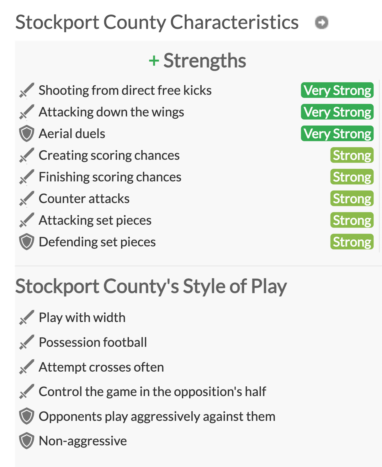 Equally, Stockport’s most regular angle of attack is down the sides, with wing-backs delivering crosses into the box. Hussey’s delivery is dependable, Knoyle’s is up and down. With two strikers and two attacking #8s crashing the box, too, Stockport can be a big threat from these situations if Salford don’t defend their box well
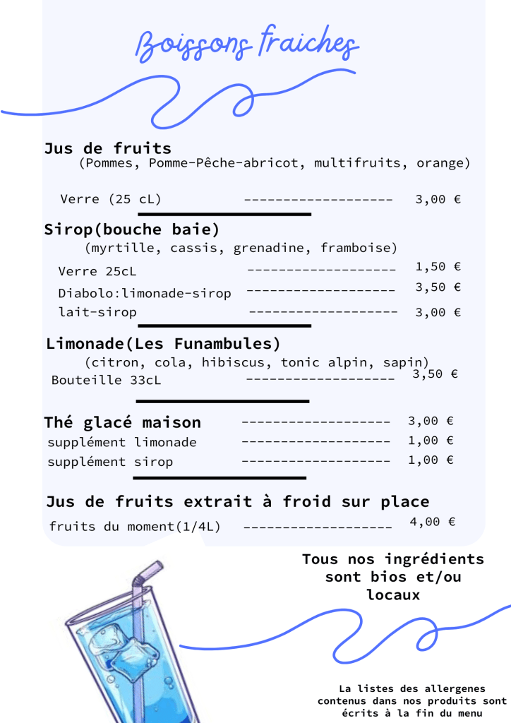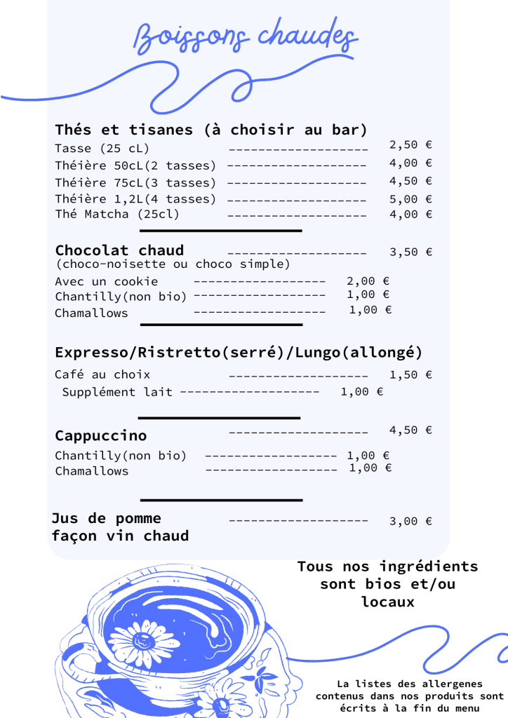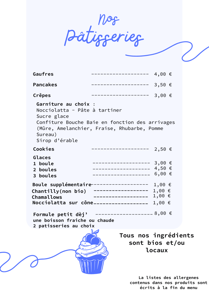Boissons sans alcool, gaufres, crêpes, cookies
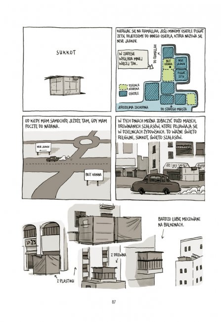 Najnowszy komiks Guya Delisle'a ("Pjongjang", "Kroniki birmańskie") opowiada o czasie jaki autor spędził z rodziną w Jerozolimie i okolicach Świętego Miasta. Z właściwą sobie spostrzegawczością, poczuciem humoru i dystansem do siebie opisuje on spotkania z Żydami, Palestyńczykami, pracownikami organizacji humanitarnych z całego świata; przechodzenie przez punkty kontrolne pilnowane przez izraelską armię, wycieczki wzdłuż słynnego muru bezpieczeństwa, czy zwiedzanie miejsc najważniejszych dla judaizmu, chrześcijaństwa i islamu.
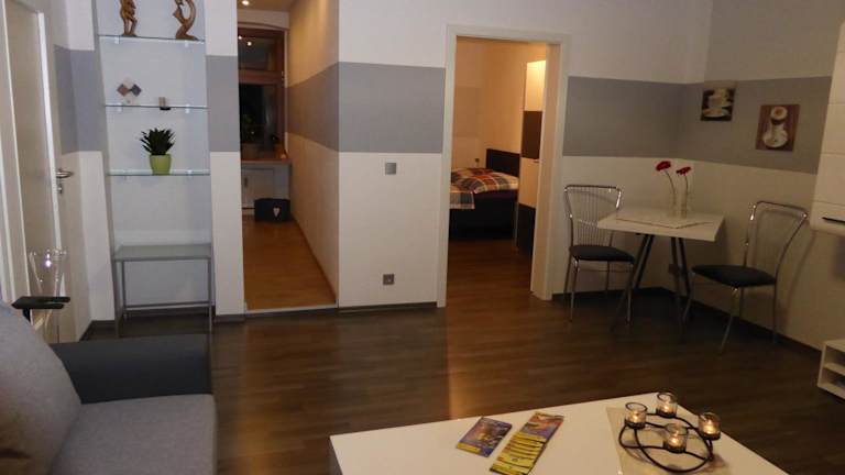 Die Ferienwohnung verfügt über ein Schlafzimmer, ein Wohnzimmer und eine voll ausgestattete Küche, die mit einem Kühlschrank und einer Kaffeemaschine ausgestattet ist. Darüber hinaus gibt es ein Badezimmer mit Dusche und Haartrockner. Handtücher und Bettwäsche werden ebenfalls bereitgestellt.

## Exercise
Pictures are to be left out; otherwise, retype exactly the lines from the first line of the data through the line containing "Boissons sans alcool, gaufres, crêpes, cookies".

## Task result
 Equally, Stockport’s most regular angle of attack is down the sides, with wing-backs delivering crosses into the box. Hussey’s delivery is dependable, Knoyle’s is up and down. With two strikers and two attacking #8s crashing the box, too, Stockport can be a big threat from these situations if Salford don’t defend their box well
Boissons sans alcool, gaufres, crêpes, cookies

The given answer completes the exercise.